--- Materials provided ---
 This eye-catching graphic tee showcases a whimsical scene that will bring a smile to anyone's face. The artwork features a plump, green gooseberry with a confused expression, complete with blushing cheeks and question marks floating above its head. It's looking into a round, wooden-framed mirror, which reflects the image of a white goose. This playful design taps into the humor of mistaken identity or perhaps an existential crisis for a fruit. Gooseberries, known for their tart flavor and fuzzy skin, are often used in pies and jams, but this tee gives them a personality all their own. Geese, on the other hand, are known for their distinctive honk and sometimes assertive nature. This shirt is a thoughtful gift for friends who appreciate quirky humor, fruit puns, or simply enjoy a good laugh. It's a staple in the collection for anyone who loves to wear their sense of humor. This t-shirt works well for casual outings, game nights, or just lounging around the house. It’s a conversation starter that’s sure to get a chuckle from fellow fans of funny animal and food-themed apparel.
...
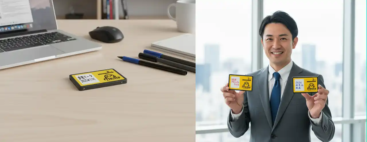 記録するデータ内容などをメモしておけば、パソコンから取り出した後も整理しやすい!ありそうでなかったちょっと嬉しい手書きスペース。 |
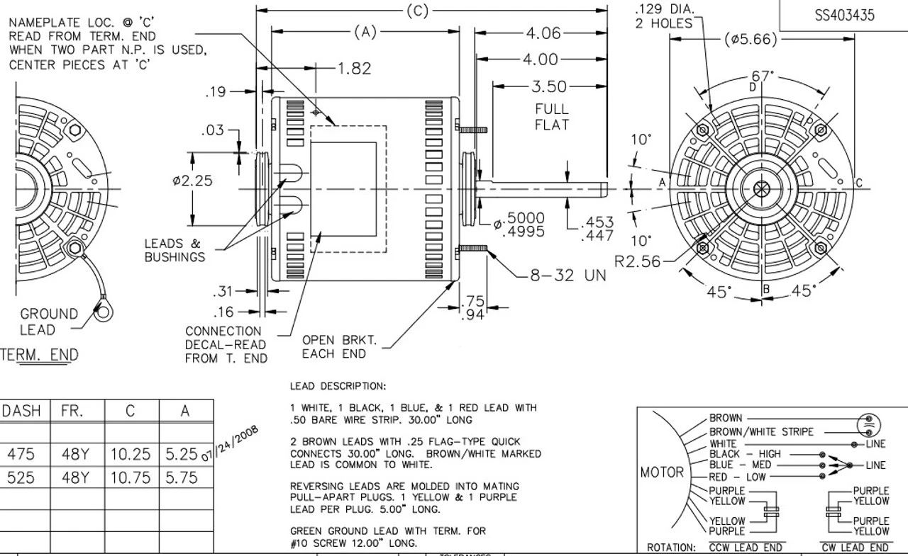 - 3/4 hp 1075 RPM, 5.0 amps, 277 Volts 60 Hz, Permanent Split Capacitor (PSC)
---
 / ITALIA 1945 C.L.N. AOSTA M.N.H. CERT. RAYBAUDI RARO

--- Problem ---
Only the lines of the listing above from the one with "記録するデータ内容などをメモ" through the one with "- 3/4 hp 1075" should be output, exactly, with both ends kept and pictures left out.

--- The answer ---
 記録するデータ内容などをメモしておけば、パソコンから取り出した後も整理しやすい!ありそうでなかったちょっと嬉しい手書きスペース。 |
 - 3/4 hp 1075 RPM, 5.0 amps, 277 Volts 60 Hz, Permanent Split Capacitor (PSC)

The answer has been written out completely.